▸ GOAL OF THE EXERCISE
Please print every record below exactly as it reads.

▸ DATA PROVIDED
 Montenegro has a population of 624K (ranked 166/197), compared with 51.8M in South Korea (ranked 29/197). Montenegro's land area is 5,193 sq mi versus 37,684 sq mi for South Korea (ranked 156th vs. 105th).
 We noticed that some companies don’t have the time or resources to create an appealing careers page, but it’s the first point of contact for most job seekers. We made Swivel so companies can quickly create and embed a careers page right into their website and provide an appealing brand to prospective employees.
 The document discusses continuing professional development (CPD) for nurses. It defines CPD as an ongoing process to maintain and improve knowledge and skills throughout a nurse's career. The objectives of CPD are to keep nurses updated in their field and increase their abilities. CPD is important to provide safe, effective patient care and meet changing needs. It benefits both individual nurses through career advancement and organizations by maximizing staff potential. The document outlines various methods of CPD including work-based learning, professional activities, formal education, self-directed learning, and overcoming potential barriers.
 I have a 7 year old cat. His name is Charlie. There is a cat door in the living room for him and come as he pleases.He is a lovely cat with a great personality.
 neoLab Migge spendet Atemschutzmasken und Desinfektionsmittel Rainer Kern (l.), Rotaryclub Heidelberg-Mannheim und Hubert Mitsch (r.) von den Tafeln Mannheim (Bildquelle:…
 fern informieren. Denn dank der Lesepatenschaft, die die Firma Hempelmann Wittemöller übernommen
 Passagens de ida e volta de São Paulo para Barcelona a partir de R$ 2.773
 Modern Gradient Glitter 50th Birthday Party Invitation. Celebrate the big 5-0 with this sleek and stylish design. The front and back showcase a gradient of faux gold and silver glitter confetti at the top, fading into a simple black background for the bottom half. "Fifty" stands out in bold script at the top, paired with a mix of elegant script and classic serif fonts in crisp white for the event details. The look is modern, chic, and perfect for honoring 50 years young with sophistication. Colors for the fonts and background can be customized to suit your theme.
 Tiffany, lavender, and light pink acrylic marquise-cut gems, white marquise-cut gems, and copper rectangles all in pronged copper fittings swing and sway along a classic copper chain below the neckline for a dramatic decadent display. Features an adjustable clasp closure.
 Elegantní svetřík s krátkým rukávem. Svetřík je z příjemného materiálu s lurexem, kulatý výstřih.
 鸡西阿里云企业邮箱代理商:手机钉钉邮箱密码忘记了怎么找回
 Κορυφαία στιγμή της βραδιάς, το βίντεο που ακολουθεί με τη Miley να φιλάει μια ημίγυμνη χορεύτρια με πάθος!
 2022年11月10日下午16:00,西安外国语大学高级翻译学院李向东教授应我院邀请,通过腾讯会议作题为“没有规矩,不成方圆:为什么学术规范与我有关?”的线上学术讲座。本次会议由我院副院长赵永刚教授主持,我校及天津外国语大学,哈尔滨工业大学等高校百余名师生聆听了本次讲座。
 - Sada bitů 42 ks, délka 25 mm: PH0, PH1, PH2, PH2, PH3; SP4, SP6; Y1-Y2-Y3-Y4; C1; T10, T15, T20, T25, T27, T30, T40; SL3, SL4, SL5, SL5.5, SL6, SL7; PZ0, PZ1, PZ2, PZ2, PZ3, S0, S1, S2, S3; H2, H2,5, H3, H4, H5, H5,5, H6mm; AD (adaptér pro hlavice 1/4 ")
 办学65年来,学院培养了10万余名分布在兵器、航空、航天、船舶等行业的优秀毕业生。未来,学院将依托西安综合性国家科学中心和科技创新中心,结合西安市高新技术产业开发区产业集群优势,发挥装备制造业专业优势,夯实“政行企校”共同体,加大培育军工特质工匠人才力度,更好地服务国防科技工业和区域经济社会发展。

▸ RESULT OF THIS EXERCISE
 Montenegro has a population of 624K (ranked 166/197), compared with 51.8M in South Korea (ranked 29/197). Montenegro's land area is 5,193 sq mi versus 37,684 sq mi for South Korea (ranked 156th vs. 105th).
 We noticed that some companies don’t have the time or resources to create an appealing careers page, but it’s the first point of contact for most job seekers. We made Swivel so companies can quickly create and embed a careers page right into their website and provide an appealing brand to prospective employees.
 The document discusses continuing professional development (CPD) for nurses. It defines CPD as an ongoing process to maintain and improve knowledge and skills throughout a nurse's career. The objectives of CPD are to keep nurses updated in their field and increase their abilities. CPD is important to provide safe, effective patient care and meet changing needs. It benefits both individual nurses through career advancement and organizations by maximizing staff potential. The document outlines various methods of CPD including work-based learning, professional activities, formal education, self-directed learning, and overcoming potential barriers.
 I have a 7 year old cat. His name is Charlie. There is a cat door in the living room for him and come as he pleases.He is a lovely cat with a great personality.
 neoLab Migge spendet Atemschutzmasken und Desinfektionsmittel Rainer Kern (l.), Rotaryclub Heidelberg-Mannheim und Hubert Mitsch (r.) von den Tafeln Mannheim (Bildquelle:…
 fern informieren. Denn dank der Lesepatenschaft, die die Firma Hempelmann Wittemöller übernommen
 Passagens de ida e volta de São Paulo para Barcelona a partir de R$ 2.773
 Modern Gradient Glitter 50th Birthday Party Invitation. Celebrate the big 5-0 with this sleek and stylish design. The front and back showcase a gradient of faux gold and silver glitter confetti at the top, fading into a simple black background for the bottom half. "Fifty" stands out in bold script at the top, paired with a mix of elegant script and classic serif fonts in crisp white for the event details. The look is modern, chic, and perfect for honoring 50 years young with sophistication. Colors for the fonts and background can be customized to suit your theme.
 Tiffany, lavender, and light pink acrylic marquise-cut gems, white marquise-cut gems, and copper rectangles all in pronged copper fittings swing and sway along a classic copper chain below the neckline for a dramatic decadent display. Features an adjustable clasp closure.
 Elegantní svetřík s krátkým rukávem. Svetřík je z příjemného materiálu s lurexem, kulatý výstřih.
 鸡西阿里云企业邮箱代理商:手机钉钉邮箱密码忘记了怎么找回
 Κορυφαία στιγμή της βραδιάς, το βίντεο που ακολουθεί με τη Miley να φιλάει μια ημίγυμνη χορεύτρια με πάθος!
 2022年11月10日下午16:00,西安外国语大学高级翻译学院李向东教授应我院邀请,通过腾讯会议作题为“没有规矩,不成方圆:为什么学术规范与我有关?”的线上学术讲座。本次会议由我院副院长赵永刚教授主持,我校及天津外国语大学,哈尔滨工业大学等高校百余名师生聆听了本次讲座。
 - Sada bitů 42 ks, délka 25 mm: PH0, PH1, PH2, PH2, PH3; SP4, SP6; Y1-Y2-Y3-Y4; C1; T10, T15, T20, T25, T27, T30, T40; SL3, SL4, SL5, SL5.5, SL6, SL7; PZ0, PZ1, PZ2, PZ2, PZ3, S0, S1, S2, S3; H2, H2,5, H3, H4, H5, H5,5, H6mm; AD (adaptér pro hlavice 1/4 ")
 办学65年来,学院培养了10万余名分布在兵器、航空、航天、船舶等行业的优秀毕业生。未来,学院将依托西安综合性国家科学中心和科技创新中心,结合西安市高新技术产业开发区产业集群优势,发挥装备制造业专业优势,夯实“政行企校”共同体,加大培育军工特质工匠人才力度,更好地服务国防科技工业和区域经济社会发展。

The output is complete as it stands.